Token Usage as a First-Class Observability Signal
Token spikes precede most agent failures by several seconds. The dashboard panels, the alerts, and the auto-throttle policy that uses token signal as a leading indicator.
Why tokens are leading indicator
Token usage is the early-warning signal. Most agent failures show up as token spikes before they show up as latency or cost spikes (the token signal is several seconds ahead); token spikes precede loops, prompt-size explosions, and runaway tool chains (by the time cost shows up on the dashboard, the failure is already happening); treat tokens as a SLO-relevant metric, not just a cost line.
- Tokens precede latency and cost. Several seconds ahead; the early-warning surface.
- Token spikes precede failures. Loops, prompt explosions, runaway tool chains.
- Cost is lagging. By the time it shows on the dashboard, failure is already happening.
- SLO-relevant metric. Tokens are a reliability signal; not just a cost line.
Dashboard panels
Three panels make the signal visible. Tokens per run as a histogram (watch for the long tail; the p99 is where the failures live); tokens per minute by agent role as a time series (spikes are visible at a glance); tokens per tool call as a distribution (outliers are tools that are returning huge payloads, cap them).
- Tokens per run histogram. Long tail at p99 is where failures live.
- Tokens per minute by role. Time series; spikes visible at a glance.
- Tokens per tool call distribution. Outliers are tools returning huge payloads; cap them.
- Per-panel review cadence. Weekly check; supports continued attention.
Alerts
Three alert classes catch most failures. Threshold alert “any run > 50k tokens” (page on rate, not on individual events); anomaly alert “per-minute token rate > 3x baseline” (catches collective failures: model regression, prompt-bug rollout); per-tenant alert “single tenant tokens/minute > 10x median tenant” (catches a stuck integration on one customer).
- Threshold > 50k tokens. Page on rate, not on individual events.
- Anomaly > 3x baseline. Catches collective failures: regressions, bug rollouts.
- Per-tenant > 10x median. Catches stuck integration on one customer.

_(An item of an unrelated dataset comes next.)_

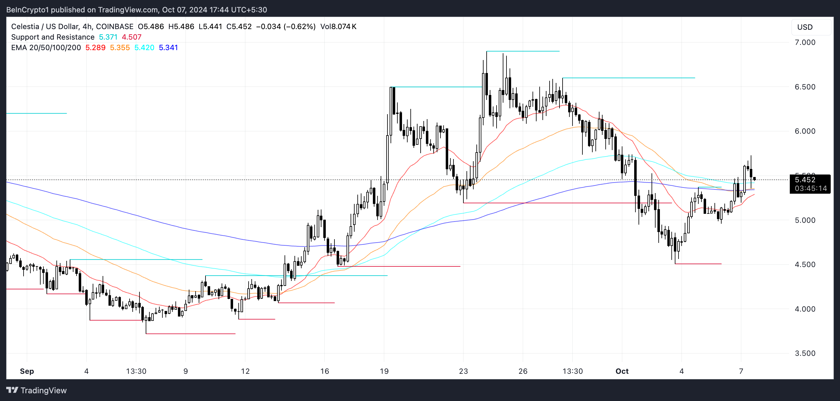 TIA wint aan momentum zonder het overbought-gebied te betreden, wat ruimte voor verdere groei biedt. Bovendien tonen de EMA-lijnen momenteel een neutrale houding. Naarmate de marktomstandigheden veranderen, is het belangrijk om deze indicatoren nauwlettend in de gaten te houden om te bepalen of TIA zijn recente winsten kan behouden.

- Per-class threshold tuning. Each class calibrated; supports the right firing rate.
Auto-throttle on token signal
Auto-throttle is conservative protection. When per-tenant rate exceeds threshold, the agent service rate-limits that tenant (the customer’s runs queue or fail fast); auto-throttle preserves availability for other customers at the cost of immediate availability for the spiking customer; the throttle is communicated (customer sees a clear message, operator gets a notification, throttling is loud not silent).
- Per-tenant rate limit. Threshold exceeded triggers limit; runs queue or fail fast.
- Conservative trade-off. Other customers protected at cost of spiking customer’s availability.
- Loud throttling. Customer sees message; operator notified; not silent.
- Per-tenant override path. Documented escalation if throttle is wrong; supports correct response.
Post-incident review
The post-incident review tightens the three layers. After every token-related incident, review the timeline (did the dashboard surface it? did alerts fire? did auto-throttle help?); each review tightens one of the three layers (dashboard gets a panel; alert gets calibrated; throttle gets refined); target by quarter four no token incident should surprise the team because the signal is reliable and the response is automated.
- Three-layer review. Dashboard surfaced; alerts fired; auto-throttle helped.
- Each review tightens one layer. Dashboard panel, alert calibration, throttle refinement.
- Q4 target: no surprises. Signal reliable; response automated.
- Per-incident learning compounds. Each review improves the next response.